Ahora, según me comentaron fuentes de la coalición, los acuerdos ministeriales serán incluso cada vez más distantes en el tiempo.

Una posible interpretación de esto es que al presidente, que hasta ahora nunca había tenido cargos administrativos, no le gusta tanto la burocracia y el papeleo y prefiere dejar estos acuerdos (que es el ámbito donde se discute y se aprueba mucho trámite de gestión) para realizarlos cada dos o tres semanas con cada ministerio. También se puede leer como que realizar acuerdos todas las semanas implica bloquear la agenda entera de dos días.

Pero aún siguiendo esas interpretaciones -y sin pensar que pueda haber detrás de eso estrategia- hay un efecto político inmediato en esa forma de gobernar sin ámbitos colectivos: se fortalece cada vez más a la Presidencia. A Lacalle y a su mano derecha política, Álvaro Delgado.

En un consejo de ministros, por más que al fin de cuentas sea el presidente el que baje la línea, hay discusión, intercambio, aportes. Uno dice algo, el otro lo complementa, otro lo discute. Se va generando conversación y consensos. Si el clima es bueno incluso uno puede convencer a otro.

También es cierto que un mecanismo así es más lento. No va con la lógica ejecutiva que pretende darle Lacalle a su gobierno y sí va con la lógica que tanto criticó desde la oposición al “gobierno en asamblea” que llevó adelante el Frente Amplio.

En las reuniones semanales “pico a pico”, como llama el presidente a los acuerdos, la gestión se vuelve más ejecutiva. Pero también se fortalece el presidente. Es más difícil que no se imponga la voluntad del mandatario.

Pero si ahora se dilatan aún más estos encuentros, la concentración de poder en Torre Ejecutiva se profundiza.  No porque no exista diálogo entre Presidencia y los ministros. Al contrario. Casi que no hay día que todos los ministros tengan algún tipo de contacto con el presidente o con Delgado. Todos los días al menos un ministro va a la torre para alguna reunión. El relacionamiento es constante y desde el entorno del presidente están al tanto de cada movimiento en las secretarías de Estado. ¿Por qué es más concentración de poder? Porque el vínculo empieza a darse mano a mano con el ministro. En el acuerdo también está el subsecretario, que en general es de otro partido diferente al del ministro. Se diluye aún más el debate.

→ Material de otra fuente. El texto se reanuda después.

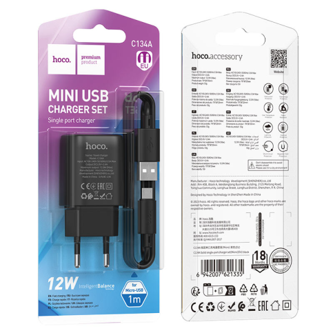 HOCO C134A Solid single-port charger set (Micro) (EU) Black

Si uno mira este modelo de gestión que lleva adelante Lacalle Pou e intenta encontrar alguien que haya operado de manera similar en el pasado, el ejemplo más cercano es el de Jorge Pacheco Areco. Durante su gestión casi que no realizaba reuniones de gabinete y los acuerdos con los ministros eran muy esporádicos.

En Torre Ejecutiva no ven este mecanismo como una concentración de poder sino de gestión. Aseguran que esta forma de trabajo apuesta a una impronta fuerte en la dirección.

Sin embargo en algunos de los socios, especialmente los colorados, empezó a generar ruido este funcionamiento. En su columna de esta semana en Correo de los Viernes, el expresidente Julio María Sanguinetti analizó la situación emergente de la renuncia de Ernesto Talvi a la cancillería y escribió que “es fundamental que la coalición responda” con “debates internos, sí, pero con efectiva unidad a la hora de decidir”. Pero también aprovechó para pasarle un mensaje a Lacalle: “El Partido Nacional debe asumir que este no es un gobierno blanco sino, como ha dicho el presidente reiteradamente, multicolor”.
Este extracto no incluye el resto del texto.